A man is watching from the top of a tower a boat speeding away from the tower. The boat makes an angle of depression of $$45^\circ$$ with the man's eye when at a distance of 60 meters from the tower. After 5 seconds, the angle of depression become $$30^\circ$$. What is the approximate speed of the boat, assuming that it is running in still water?

Let AB be the tower and BC = 60 m. It takes 5 seconds for the boat to go from C to point D.
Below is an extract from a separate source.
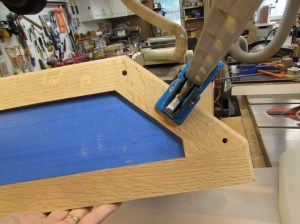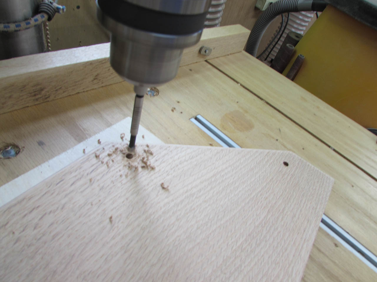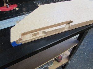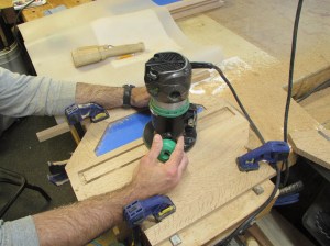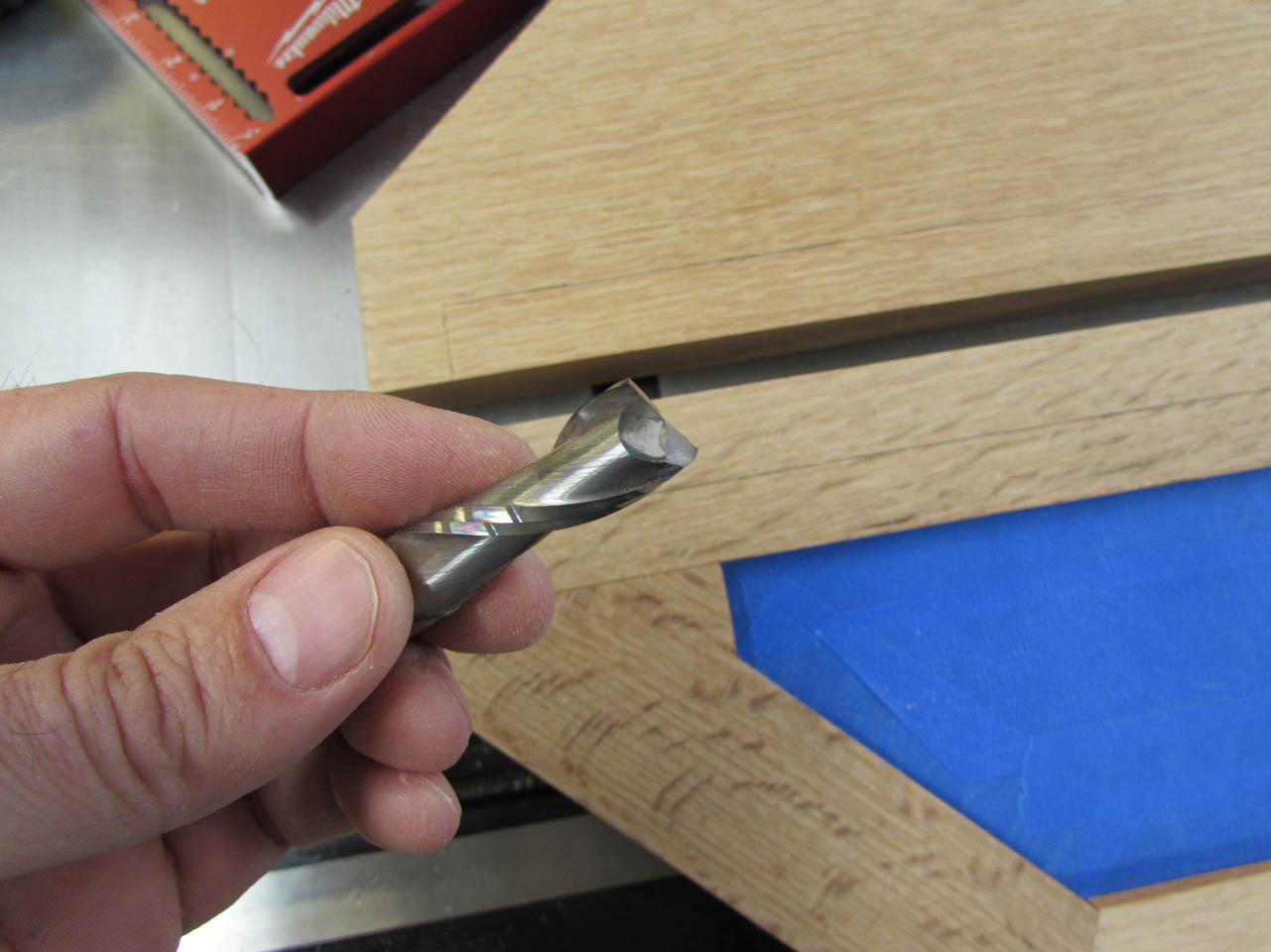 This method was unsuccessful. The large bit kept wanting to grab my board and throw it. Also, for some reason the bit loosened up and started to rise. Well, this piece is no good, I will have to make a new one.

In right $$\triangle$$ ABC,

=> $$tan(45^\circ)=\frac{AB}{BC}$$

=> $$1=\frac{AB}{60}$$

=> $$AB=60$$ m ----------------(i)

Similarly, in right $$\triangle$$ ABD,

=> $$tan(30^\circ)=\frac{AB}{BD}$$

=> $$\frac{1}{\sqrt3}=\frac{60}{BD}$$

=> $$BD=60\sqrt3$$ m ----------------(ii)

Thus, CD = $$60\sqrt3-60=60(\sqrt3-1)$$ m

Using speed = distance/time, => Speed of boat = $$\frac{60(\sqrt3-1)}{5}$$

= $$12(\sqrt3-1)=12\times0.732=8.784$$ m/s

$$\therefore$$ Speed of boat (in km/hr) = $$8.784\times3.6\approx32$$ km/hr

=> Ans - (A)